In the above figures, the execution information is classified into the following seven parts.

  1. The plan is displayed as a table, which contains 11 columns: id, operation, A-time, A-rows, E-rows, E-distinct, Peak Memory, E-memory, A-width, E-width, and E-costs. The definition of the plan-type columns (columns started with id, operation, or E) is the same as that of running EXPLAIN. For details, see Execution Plans. The definition of A-time, A-rows, E-distinct, Peak Memory, and A-width are as follows:
    • A-time: indicates the execution completion time of the current operator. Generally, the A-time of the operator executed on DNs is two values enclosed by square brackets ([]), indicating the shortest time and longest time for completing the operator on all DNs, respectively.
    • A-rows: number of actual output tuples of the operator
    • E-distinct: estimated distinct value of the hash join operator
    • Peak Memory: peak memory of the operator on each DN
    • A-width: Current operator tuple actual width of each line. This parameter is valid only for the heavy memory operator, including: (Vec)HashJoin, (Vec)HashAgg, (Vec) HashSetOp, (Vec)Sort, and (Vec)Materialize operator. The (Vec)HashJoin calculation of width is the width of the right subtree operator and it will be displayed in the right subtree.
  2. Predicate Information (identified by plan id):

    This part displays the static information that does not change in the plan execution process, such as some join conditions and filter information.

  3. Memory Information (identified by plan id):

    This part displays the memory usage information printed by certain operators (mainly Hash and Sort), including peak memory, control memory, operator memory, width, auto spread num, and early spilled; and spill details, including spill Time(s), inner/outer partition spill num, temp file num, spilled data volume, and written disk IO [min, max].

  4. Targetlist Information (identified by plan id):

    This part displays the target columns provided by each operator.

  5. DataNode Information (identified by plan id):

    The execution time, CPU, and buffer usage of each operator are printed in this part.

  6. User Define Profiling:

    This part displays CNs and DNs, DN and DN connection time, and some execution information in the storage layer.

  7. ====== Query Summary =====:

    The total execution time and network traffic, including the maximum and minimum execution time in the initialization and end phases on each DN, initialization, execution, and time in the end phase on each CN, and the system available memory during the current statement execution, and statement estimation memory information.

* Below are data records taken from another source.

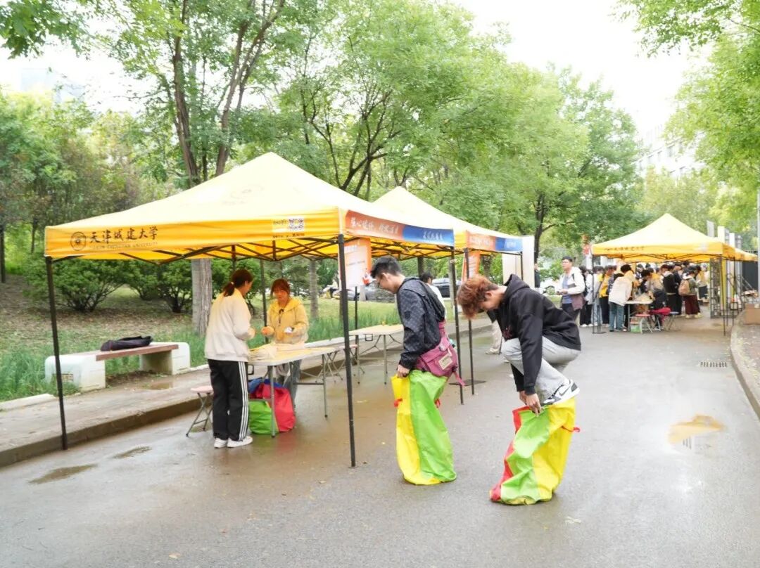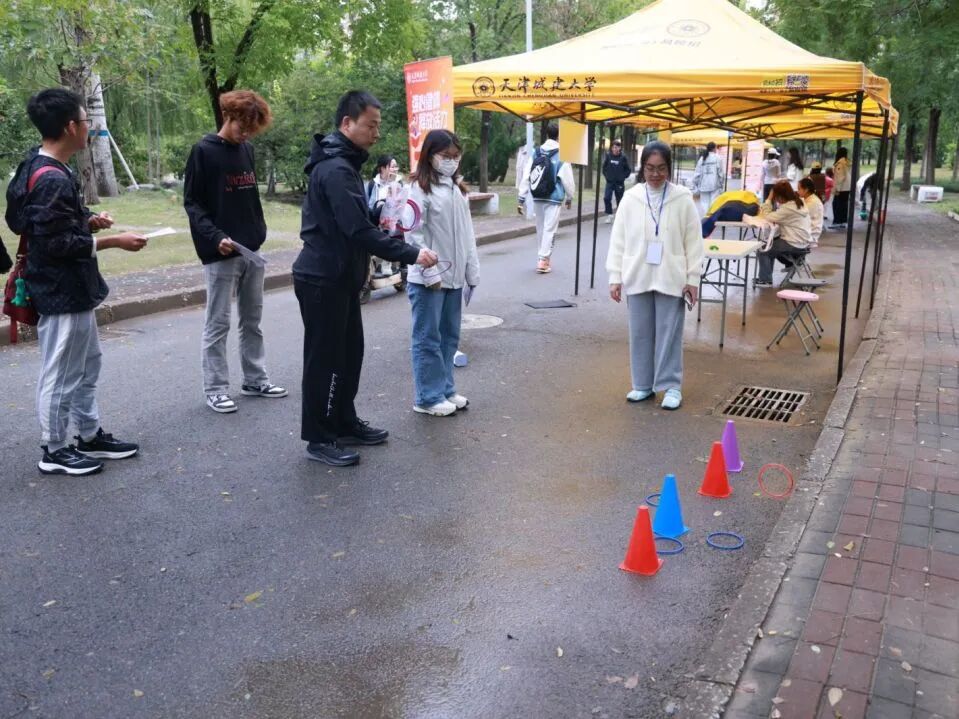 “强心健体,释放活力”的“体心”区域充满了欢声笑语。投投小木棍玩“趣味投壶”,和朋友组队套“情绪颜色圈”、套着麻袋玩“袋鼠跳”接力,在蹦蹦跳跳里把活力都释放出来。
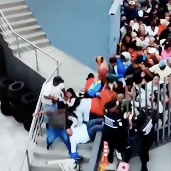 Esto causó indignación. La multitud se abalanzó sobre la reja y la tumbó sin que los guardias pudieran contener a la ola de gente. Posteriormente, los ciudadanos corrieron para lograr los primeros puestos de la fila.
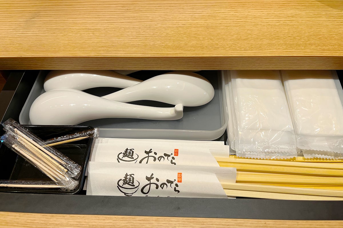 麺が折られた盛り付けはおいしい予感...!ビジュアルの美しさに目を奪われていたら、顔を近づけなくともスープの旨みが漂ってきた。お箸やレンゲは引き出しに入っています、と店員さんから丁寧にアナウンスされて、食べる準備は整った。
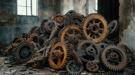 A striking image featuring a large pile of rusty gears and cogs in an abandoned industrial setting. The grungy backdrop enhances the sense of decay and history.
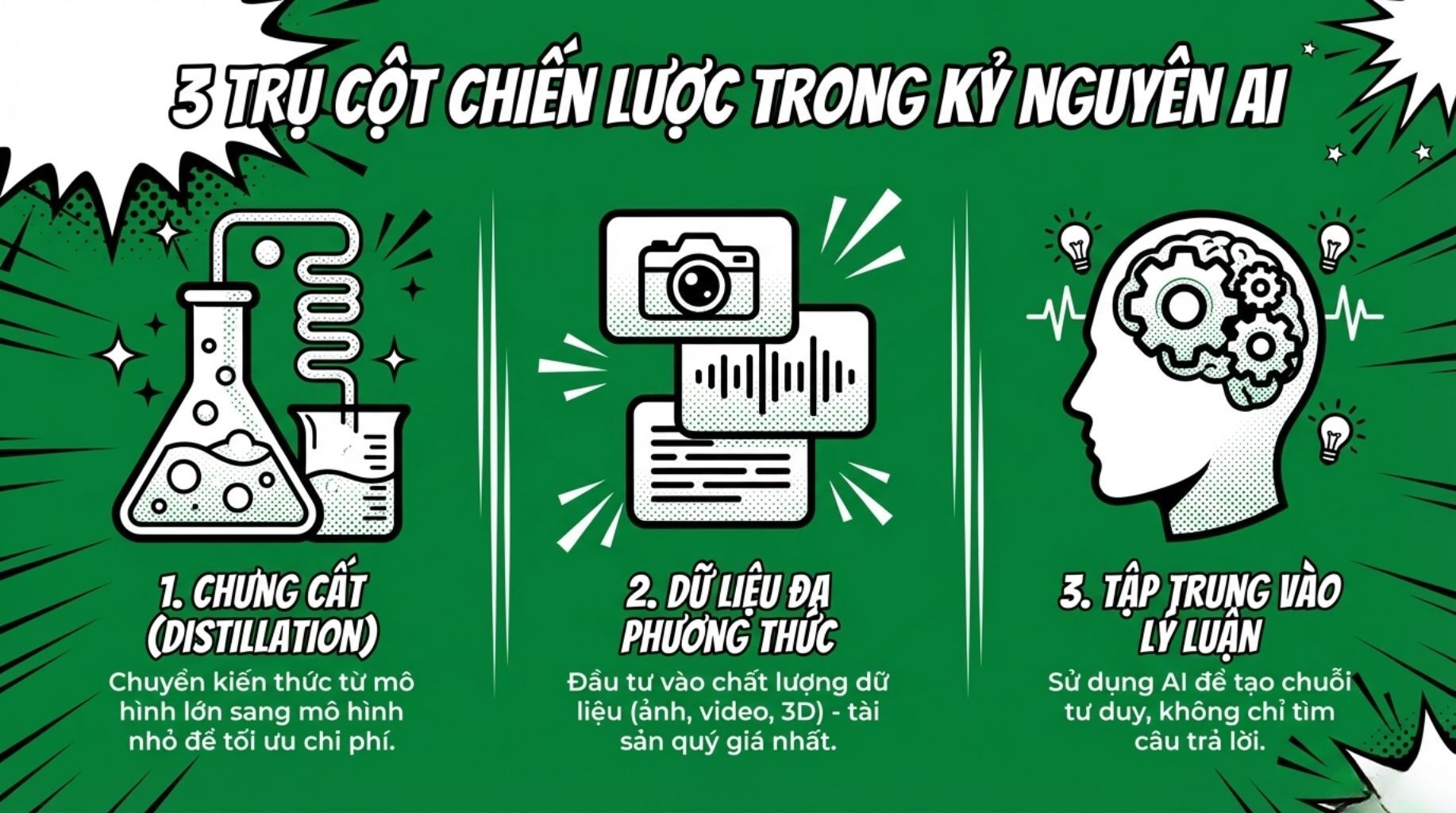 Tiến bộ của AI đang tuân theo một đường cong hàm mũ mượt mà . Điều này có nghĩa là sự thay đổi sẽ không dừng lại, và các doanh nghiệp cần phải thích nghi liên tục. Chiến lược hành động của bạn trong kỷ nguyên này có thể tập trung vào ba trụ cột chính:

    • The difference between A-rows and E-rows shows the deviation between the optimizer estimation and actual execution. Generally, if the deviation is larger, the plan generated by the optimizer is more improper, and more manual intervention and optimization are required.
    • If the difference of the A-time values is large, it indicates that the operator computing skew (difference between execution time on DNs) is large and that manual performance tuning is required.
    • Max Query Peak Memory is often used to estimate the consumed memory of SQL statements, and is also used as an important basis for configuring a running memory parameter during SQL tuning. Generally, the output from EXPLAIN ANALYZE or EXPLAIN PERFORMANCE is provided for the input for further tuning.